Your hatches sound a bit too heavy to me, and I would stick to hinges, for ease of use...

These photos are the Ama hatches on Delphys, and even when being regularly awash, after a week at sea, (going hard to windward in 8-10' seas), I might only have a couple of spoonfuls get in. (never more) I'd call them 99.9%, and that's goodenuf.

These hatches started out, however, being too flexible. My ama hatches on the previous boat, (a SC 28), were even more water proof, but REALLY thick, & too heavy.
On Delphys, I underbuilt them originally, and after 8 years, all of the corner seams opened up from the inevitable flexing, when they're opened and propped up.

To repair them, (8 years ago), I filled and heavily carbon fibered The corner joints, then on the underside, glued on both stringers, AND a piece of the composite flat panels that make up parts of our interior. (Some panels are Verticell cardboard core, and others are Kledgacell foam core, with THIN ply veneers on their faces).

This made the hatches BOTH very light AND rigid, so hopefully, the corners will never open up again. (They need to be both).

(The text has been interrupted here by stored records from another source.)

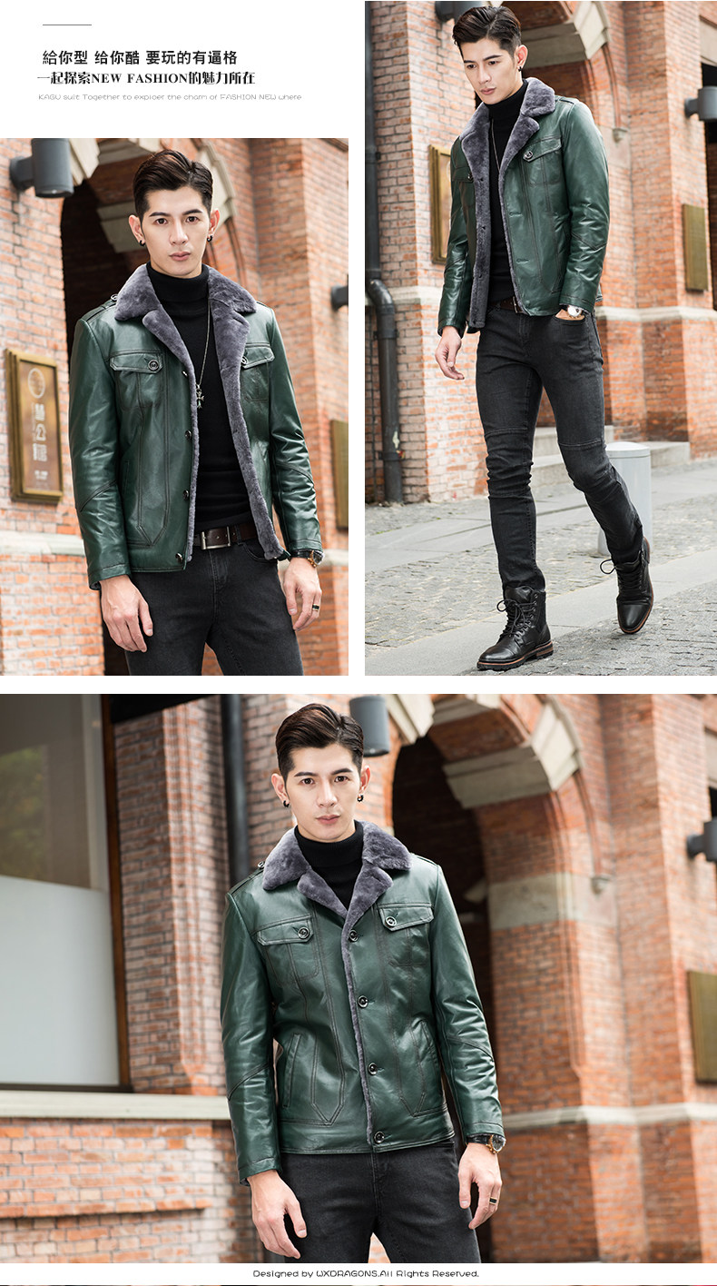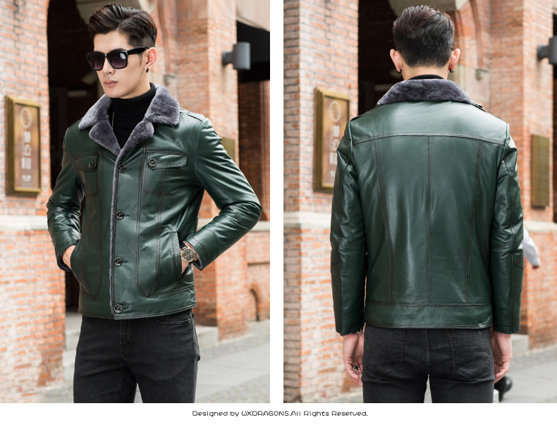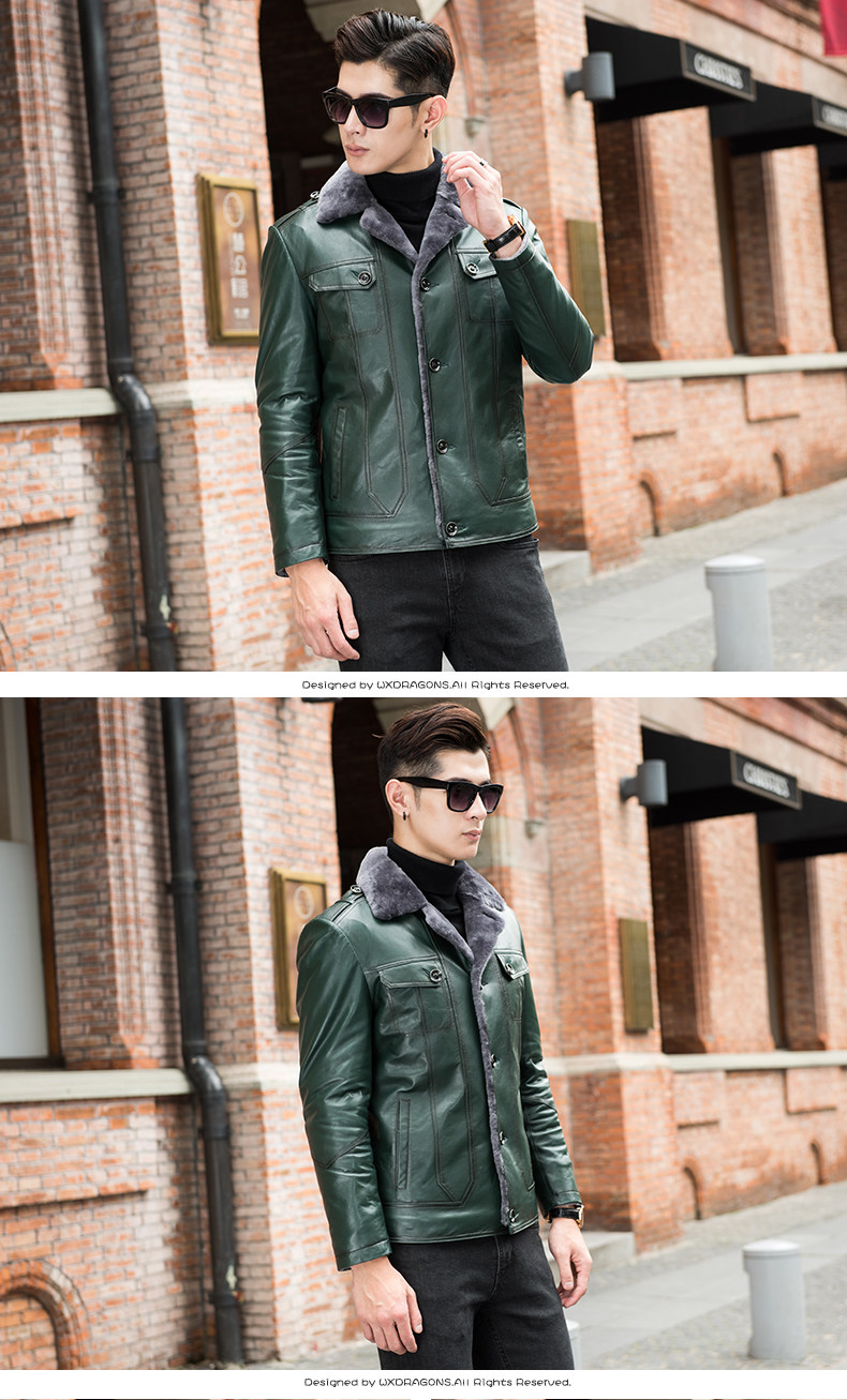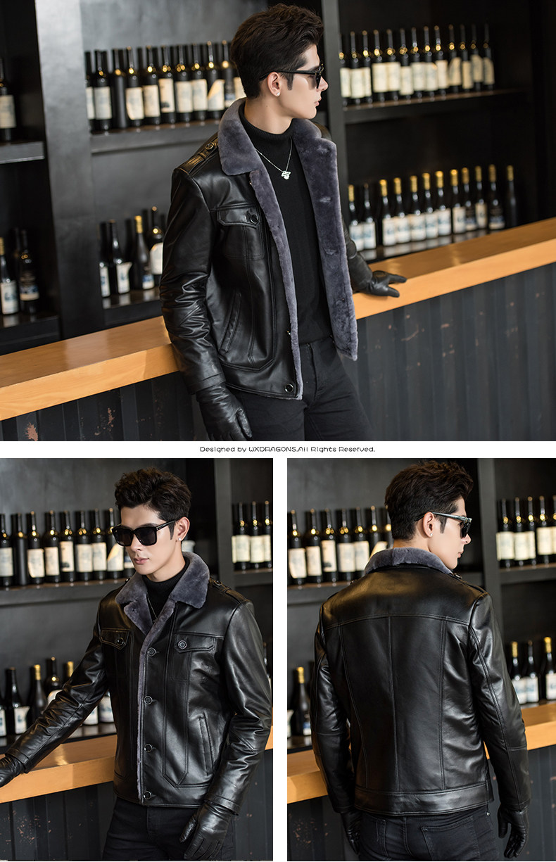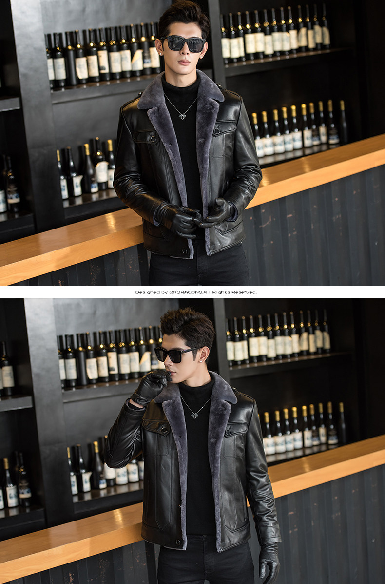Новинка 2018, мужская кожаная куртка с мехом, качественная куртка из натуральной овчины, Мужская короткая куртка, зимнее пальто из натуральной кожи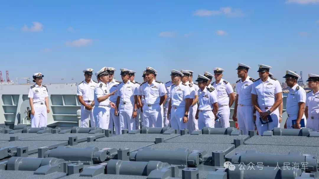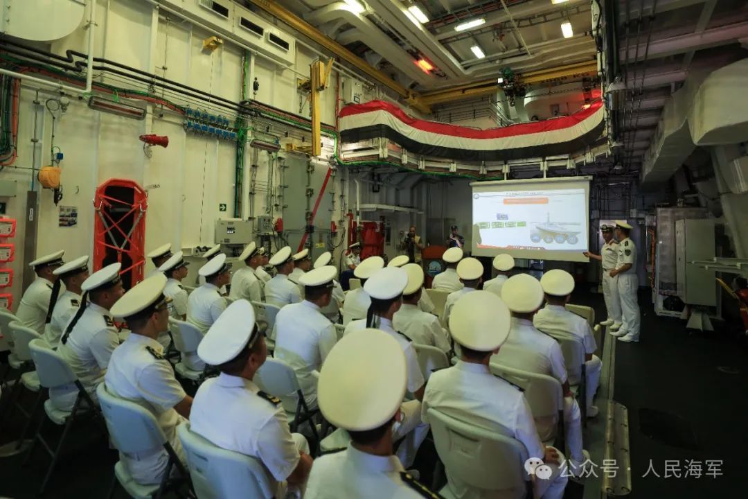 访问期间,埃及海军司令登上洪湖舰参观并交流。禹泽铭 摄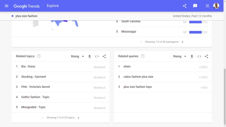 Of interest is the ‘related topics’ section. Look for a distinct angle. In the above Google Trends example, ‘missguided’ seems intriguing. While it may be a brand name, it is a homophone to ‘misguided’. Do you remember our hypothesis about plus size fashion being unintentionally forgotten?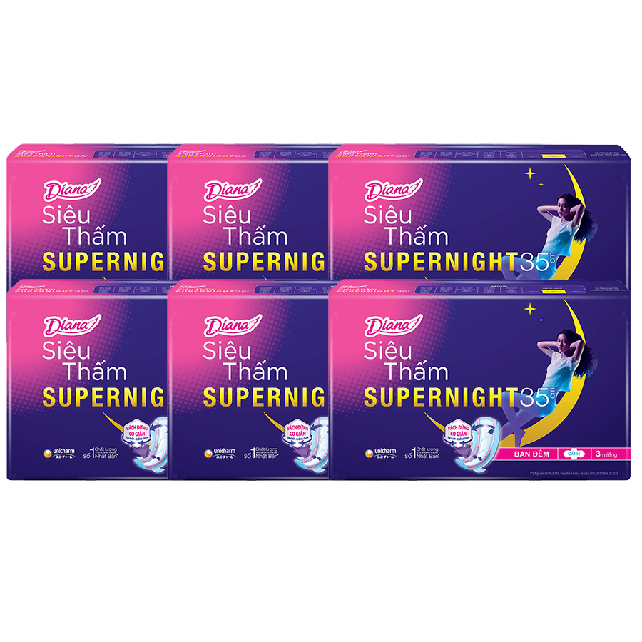 Combo 6 Băng Vệ Sinh Diana Super Night 35cm (Gói 3 Miếng) được các chuyên gia nghiên cứu và phát triển để góp phần tạo cho phái đẹp một giấc ngủ sâu trọn vẹn trong những ngày nhạy cảm.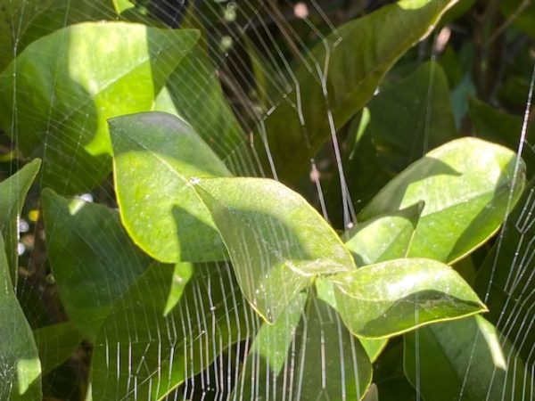 2. Angesichts des unteren Fotos möchte ich auf die zwiespältige Rolle der Spinnennetze hinweisen. Einerseits sind sie für viele ein Gräuel. Andererseits bringen sie in viel Ansichten eine besonders ästhetische Note – wie auch hier.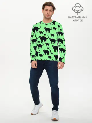 Мужской лонгслив базовый / Кошки черные

You could also start out with a foam core top panel, but IF it flexes easily, you may still need to do the above treatment, or any other technique that makes them rigid, while still being light. btw... my combings could have been taller!

You only need "breakwaters" on the ends! (Make everything on the boat's deck with either beveled or VERY rounded ends, so that lines will not snag on them).

The 3 hinges need to distribute the load, but need not be massive. These 316 SS ones, are through bolted to the ama deck, and screwed into the hatch combings. (The combing's wood threads were epoxied well first).

On the opposite side of the hatch are adjustable turnpegs of Phenolic sheet, and in the middle, I have eye bolts. (They get a pin when at sea, and can be used for locks as well).

To close these turnpegs OR put in the "safety pin", I must stand on the hatch RIGHT next to them, and bounce down hard, while turning the turnpeg! They are that tight!

For gaskets I use refrigeration quality, "peel n stick", closed cell foam gasket material, 1" wide & 5/16" thick, with the strip next to the hinges, being of much higher density. These gaskets last about 8 years, and longer if you wax, or "Mclube" the ama opening's combing tops. This keeps the foam gasket tape from sticking on the side that it shouldn't.

My repaired version of these hatches are thus stiff, light, dry, lockable, and have even stood a Cat 4, without a problem. This is no place to skimp, IMO.

NOW... We just hauled out, and I have to go to work!

Best of luck with it,
M.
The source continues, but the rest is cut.